Last night, in a dream borne of faded memory, I danced. Years ago, the real scene took place. Id nearly forgotten it all.
I don't know now why I was out with my bosses and colleagues that night, except that we were a close-knit group and often in one anothers pockets. We ate sushi and laughed and swapped clothes and cooked really good vegetarian meals and drank wine together. We watched each other fall in and out of love. We gave one of our number away to a man who felt just like one of us, and waved good-bye as he took her across an ocean.
But on the night I dreamed last night, for the first time together, we danced.
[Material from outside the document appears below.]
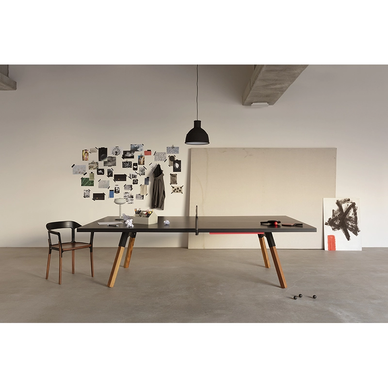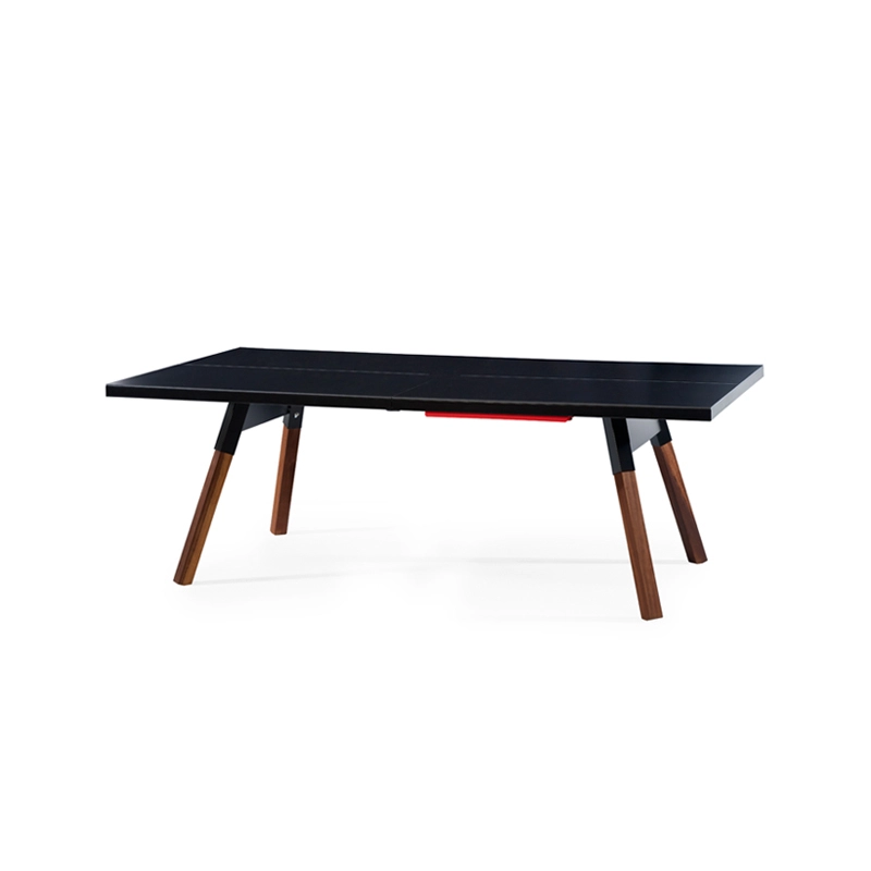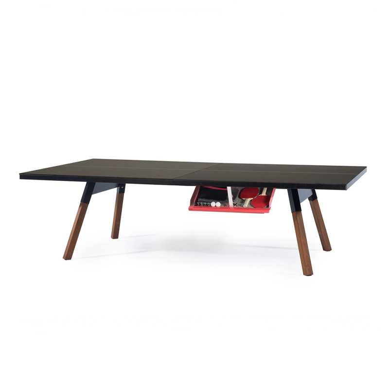 La table convertible You and Me fait partie de la collection ludique de RS Barcelona, une marque de produits vivants et intenses. C’est à la fois une table de ping-pong comme vous n’en avez jamais vue et une table de repas dotée de lignes minimalistes et élégantes qui s’intègre aussi bien à l’intérieur qu’à l’extérieur. Lorsqu’elle n’est pas utilisée pour jouer, le filet, les raquettes et les balles peuvent être rangés dans un tiroir latéral discret. La table You and Me est fabriquée à partir de matériaux de qualité supérieure. Le plateau en HPL blanc ou noir (le même matériau qui est utilisé pour les tables de ping-pong classiques) est idéal pour une utilisation en extérieur. Pour la version en HPL noir, il est conseillé protéger le plateau lorsqu'il n'est pas utilisé, pour éviter la décoloration par le soleil, s'il est utilisé à l'extérieur.

I can't remember whose idea it was to take our newest member to New York Citys biggest tourist-trap nightclub, but I remember protesting, loud and often. I campaigned in vain for someplace more exclusive. Yet, The Tourist-Trap was free (for those in the know, like us) and it was banal enough not to frighten off a recent immigrant from the wilds of Colorado, but still cool enough not to be a total waste of time.
I went along because I was more connected to these people than I had ever before felt towards anyone I worked with. But, me being Tara, I grumbled about the venue right up until we walked out onto a balcony overlooking the main (and empty, as we'd arrived early enough to give the $25 cover a miss) dance floor.
While our Coloradan exclaimed over the vast space, the really tall women and the cage dancers, we let her enthusiasm slough off our cynicism. I found myself enjoying her joy, if not the club itself.
And then, the music surged through my veins and I could barely see my friends for the desire firing every nerve in my body. My boss, seeing Id become a race horse at the gate, pushed me off.
Go. Dance, she mouthed. And I did.
I drank the music. I breathed melodies. I became the pounding beat and stormed the world away with its pulse.
I was light and darkness and moved like mist. The world-that-wasn't filled with more light and darkness and colors that writhed around and through me. And we were one, but we weren't. And we were all beautiful.
The world drifted back in. A sheen of sweat coated my heated skin and the floor heaved around me with bodies moving in unison and not and though I still heard the music, I wasn't the music anymore.
So, I grinned at the mist and light and darkness and colors writhing around me, but no longer through me, and went in search of my friends.
Though it felt as if I'd been music for a lifetime, just over an hour had passed. But it was enough to stop me complaining for the rest of the night.